TASK DIRECTIONS: Write out each record below exactly, without pictures.

DATA EXTRACT:
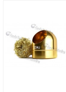
Limpiador de puntas de...
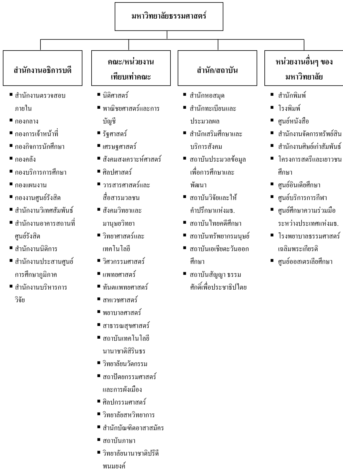
แผนภูมิที่ 1 การแบ่งส่วนราชการและหน่วยงาน ของมหาวิทยาลัยธรรมศาสตร์
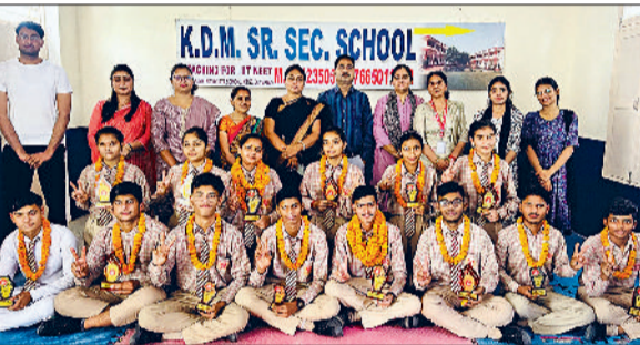
धारुहेड़ा। मेरिट में आए विद्यार्थी स्कूल स्टाफ के साथ।
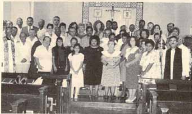
Personas licenciadas para Ministerios laicos en las áreas Norte, Este, Noreste y Centro este de la Diócesis.
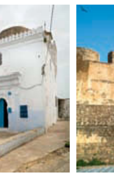
12. Porte de la Douane (Bab Diwana).

RESULT FOR THIS TASK:
Limpiador de puntas de...
แผนภูมิที่ 1 การแบ่งส่วนราชการและหน่วยงาน ของมหาวิทยาลัยธรรมศาสตร์
धारुहेड़ा। मेरिट में आए विद्यार्थी स्कूल स्टाफ के साथ।
Personas licenciadas para Ministerios laicos en las áreas Norte, Este, Noreste y Centro este de la Diócesis.
12. Porte de la Douane (Bab Diwana).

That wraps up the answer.